• **DIRECTIONS FOR THIS TASK**:
Below are some entries. Transcribe the lines from the one holding "Existing theoretical frameworks" to the one holding "31.07.1915 = Sonder-Ausgabe zu Nr. 30", inclusive, but not the pictures among them.

BEGIN GIVEN DATA

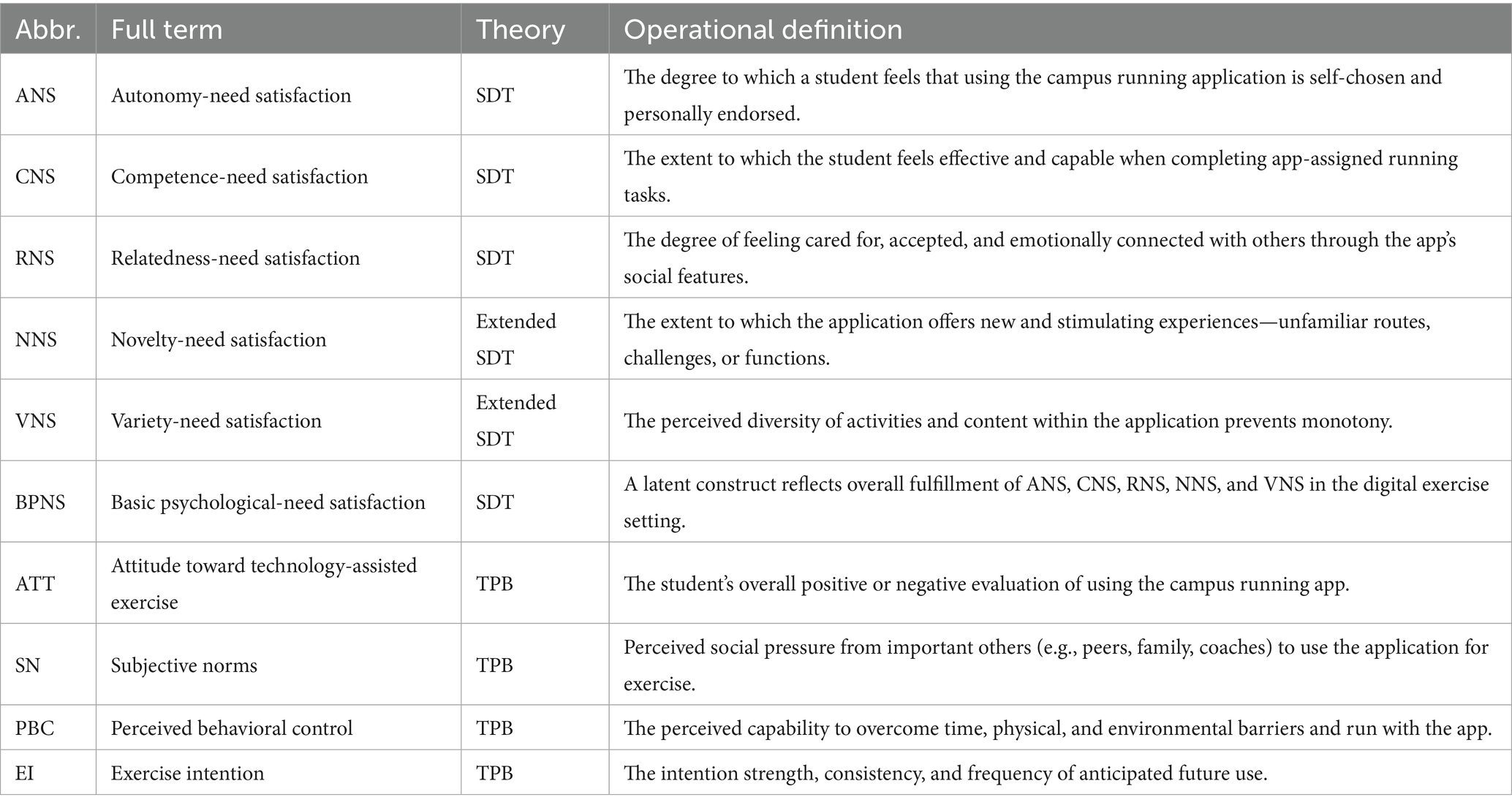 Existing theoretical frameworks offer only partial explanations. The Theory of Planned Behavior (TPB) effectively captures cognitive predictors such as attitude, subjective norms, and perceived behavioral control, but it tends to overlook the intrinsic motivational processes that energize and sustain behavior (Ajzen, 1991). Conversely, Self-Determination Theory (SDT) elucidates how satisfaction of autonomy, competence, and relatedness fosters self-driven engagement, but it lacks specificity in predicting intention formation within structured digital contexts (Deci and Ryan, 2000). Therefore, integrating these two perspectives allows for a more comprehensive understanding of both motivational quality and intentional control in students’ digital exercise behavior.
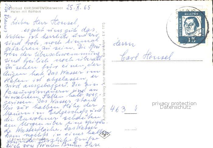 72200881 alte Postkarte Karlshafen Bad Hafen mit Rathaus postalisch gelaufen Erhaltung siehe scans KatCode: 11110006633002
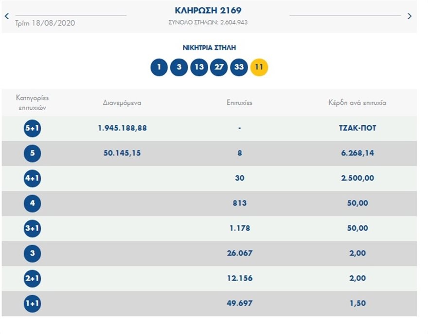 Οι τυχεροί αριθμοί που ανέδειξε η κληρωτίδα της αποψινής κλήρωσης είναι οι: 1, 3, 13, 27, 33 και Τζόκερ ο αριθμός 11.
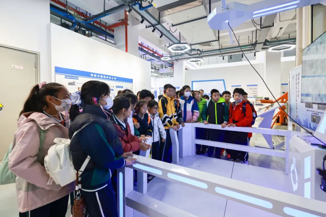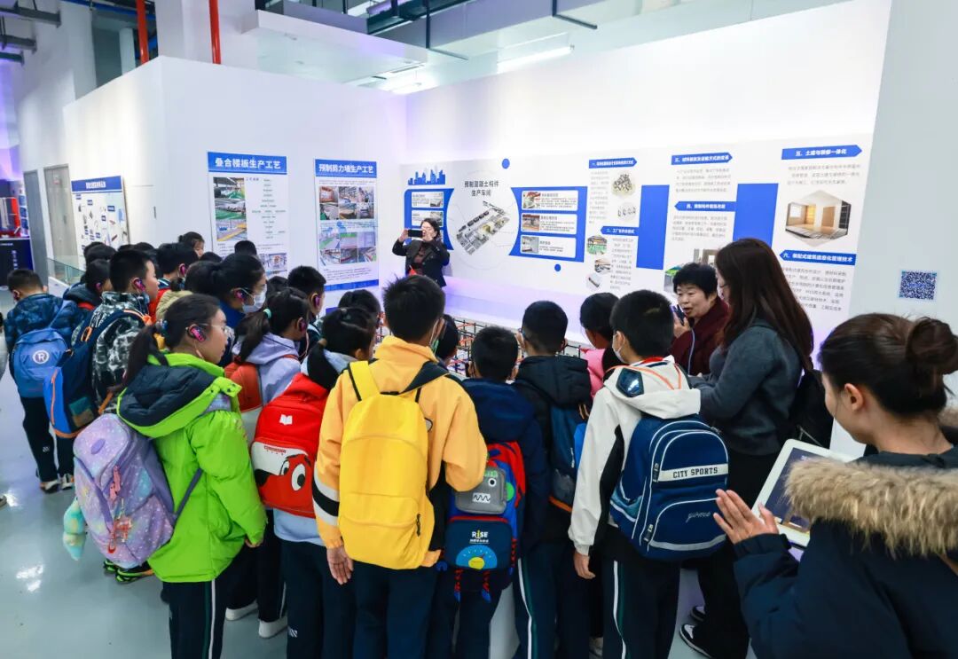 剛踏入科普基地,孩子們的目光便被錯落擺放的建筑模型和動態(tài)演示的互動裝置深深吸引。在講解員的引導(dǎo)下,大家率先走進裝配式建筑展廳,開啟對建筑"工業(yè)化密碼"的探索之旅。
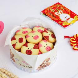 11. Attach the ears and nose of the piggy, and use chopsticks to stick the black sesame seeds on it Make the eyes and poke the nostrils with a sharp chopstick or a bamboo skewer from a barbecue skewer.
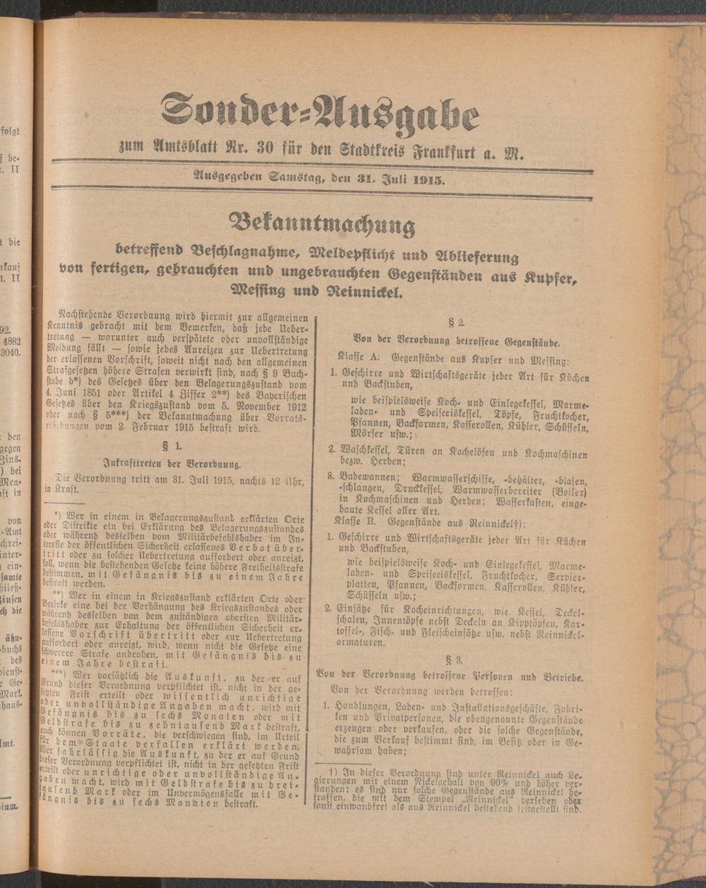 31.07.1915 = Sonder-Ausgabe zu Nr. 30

END GIVEN DATA
BEGIN GIVEN DATA

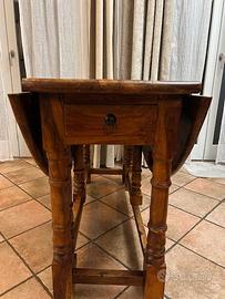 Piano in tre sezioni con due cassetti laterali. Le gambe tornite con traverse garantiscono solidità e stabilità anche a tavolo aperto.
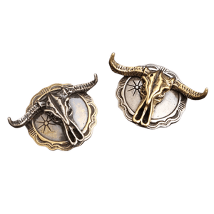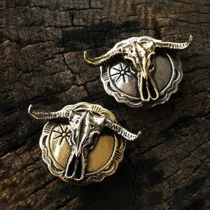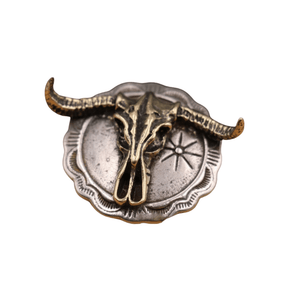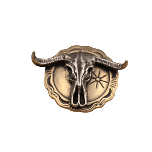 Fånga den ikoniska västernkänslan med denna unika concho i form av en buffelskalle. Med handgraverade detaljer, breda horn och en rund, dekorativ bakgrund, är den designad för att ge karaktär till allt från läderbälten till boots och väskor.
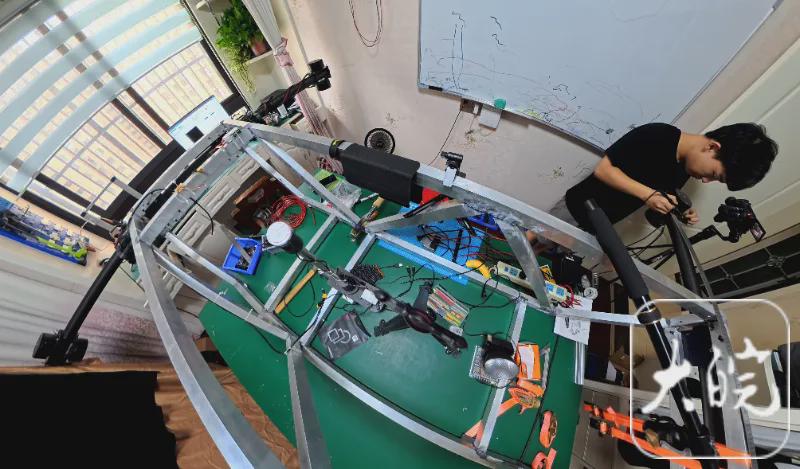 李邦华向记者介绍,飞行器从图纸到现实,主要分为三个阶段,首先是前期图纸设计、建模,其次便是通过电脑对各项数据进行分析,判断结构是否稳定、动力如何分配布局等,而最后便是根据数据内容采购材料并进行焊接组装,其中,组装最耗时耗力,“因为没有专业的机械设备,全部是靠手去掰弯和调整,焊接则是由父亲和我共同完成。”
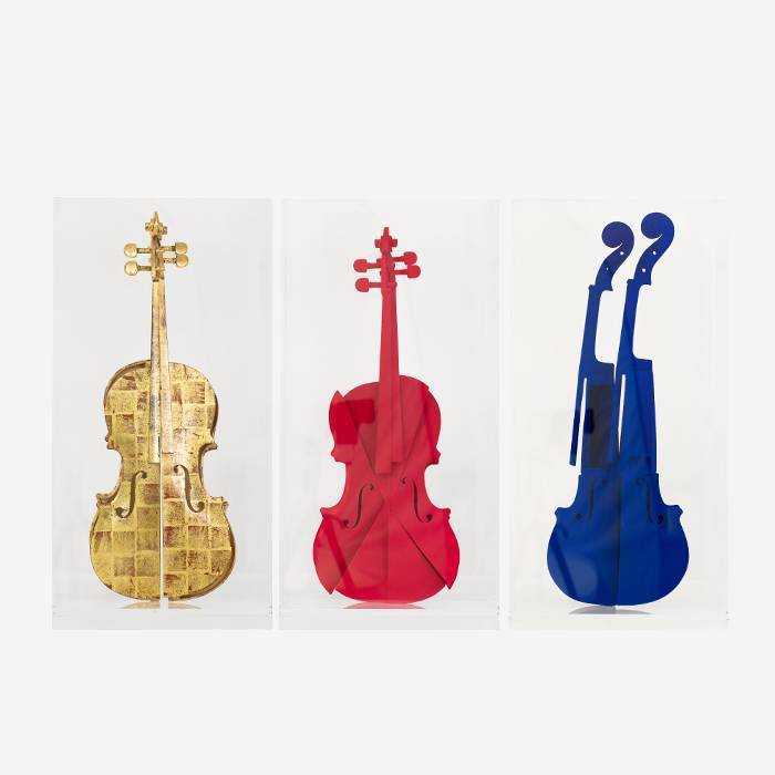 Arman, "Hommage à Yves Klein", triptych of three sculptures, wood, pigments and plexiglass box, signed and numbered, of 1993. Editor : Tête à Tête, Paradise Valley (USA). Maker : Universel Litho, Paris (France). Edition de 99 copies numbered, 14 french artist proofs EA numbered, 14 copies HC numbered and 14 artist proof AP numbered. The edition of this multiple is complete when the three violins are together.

END GIVEN DATA

• **YOUR RESPONSE**:
 Existing theoretical frameworks offer only partial explanations. The Theory of Planned Behavior (TPB) effectively captures cognitive predictors such as attitude, subjective norms, and perceived behavioral control, but it tends to overlook the intrinsic motivational processes that energize and sustain behavior (Ajzen, 1991). Conversely, Self-Determination Theory (SDT) elucidates how satisfaction of autonomy, competence, and relatedness fosters self-driven engagement, but it lacks specificity in predicting intention formation within structured digital contexts (Deci and Ryan, 2000). Therefore, integrating these two perspectives allows for a more comprehensive understanding of both motivational quality and intentional control in students’ digital exercise behavior.
 72200881 alte Postkarte Karlshafen Bad Hafen mit Rathaus postalisch gelaufen Erhaltung siehe scans KatCode: 11110006633002
 Οι τυχεροί αριθμοί που ανέδειξε η κληρωτίδα της αποψινής κλήρωσης είναι οι: 1, 3, 13, 27, 33 και Τζόκερ ο αριθμός 11.
 剛踏入科普基地,孩子們的目光便被錯落擺放的建筑模型和動態(tài)演示的互動裝置深深吸引。在講解員的引導(dǎo)下,大家率先走進裝配式建筑展廳,開啟對建筑"工業(yè)化密碼"的探索之旅。
 11. Attach the ears and nose of the piggy, and use chopsticks to stick the black sesame seeds on it Make the eyes and poke the nostrils with a sharp chopstick or a bamboo skewer from a barbecue skewer.
 31.07.1915 = Sonder-Ausgabe zu Nr. 30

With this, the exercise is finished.